→ ACTIVITY: Among the lines below, copy exactly those from the one with "Top de canalé" through the one with "黒留袖着物をリメイクして作製", counting both ends.

→ AVAILABLE RECORDS:
#####

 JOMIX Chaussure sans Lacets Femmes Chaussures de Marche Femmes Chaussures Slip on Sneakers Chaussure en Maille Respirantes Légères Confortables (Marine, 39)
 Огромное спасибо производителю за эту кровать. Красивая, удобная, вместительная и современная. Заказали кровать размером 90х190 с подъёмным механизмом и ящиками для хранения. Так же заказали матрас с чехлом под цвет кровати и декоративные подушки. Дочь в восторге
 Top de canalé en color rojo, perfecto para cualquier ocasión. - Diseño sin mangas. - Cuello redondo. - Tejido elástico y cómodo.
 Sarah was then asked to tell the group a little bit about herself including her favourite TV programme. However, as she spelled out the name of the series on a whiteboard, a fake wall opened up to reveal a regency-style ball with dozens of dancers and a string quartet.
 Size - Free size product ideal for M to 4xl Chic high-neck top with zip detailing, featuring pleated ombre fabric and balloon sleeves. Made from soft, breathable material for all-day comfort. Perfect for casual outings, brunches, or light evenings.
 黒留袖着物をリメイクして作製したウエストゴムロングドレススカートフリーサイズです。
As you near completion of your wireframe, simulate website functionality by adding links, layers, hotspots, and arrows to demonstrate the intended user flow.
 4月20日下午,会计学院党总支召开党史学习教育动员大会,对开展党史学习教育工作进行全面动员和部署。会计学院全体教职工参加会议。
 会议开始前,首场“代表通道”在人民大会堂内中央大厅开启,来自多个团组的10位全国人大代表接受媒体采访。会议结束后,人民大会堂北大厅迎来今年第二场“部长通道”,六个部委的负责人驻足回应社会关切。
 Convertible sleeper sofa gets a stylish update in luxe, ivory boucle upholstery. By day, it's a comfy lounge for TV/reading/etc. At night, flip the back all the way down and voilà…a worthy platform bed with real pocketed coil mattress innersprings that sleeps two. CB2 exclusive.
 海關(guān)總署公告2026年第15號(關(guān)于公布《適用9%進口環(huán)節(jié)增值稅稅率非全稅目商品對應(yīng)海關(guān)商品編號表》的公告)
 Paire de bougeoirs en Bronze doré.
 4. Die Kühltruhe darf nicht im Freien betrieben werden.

#####

→ RESPONSE:
 Top de canalé en color rojo, perfecto para cualquier ocasión. - Diseño sin mangas. - Cuello redondo. - Tejido elástico y cómodo.
 Sarah was then asked to tell the group a little bit about herself including her favourite TV programme. However, as she spelled out the name of the series on a whiteboard, a fake wall opened up to reveal a regency-style ball with dozens of dancers and a string quartet.
 Size - Free size product ideal for M to 4xl Chic high-neck top with zip detailing, featuring pleated ombre fabric and balloon sleeves. Made from soft, breathable material for all-day comfort. Perfect for casual outings, brunches, or light evenings.
 黒留袖着物をリメイクして作製したウエストゴムロングドレススカートフリーサイズです。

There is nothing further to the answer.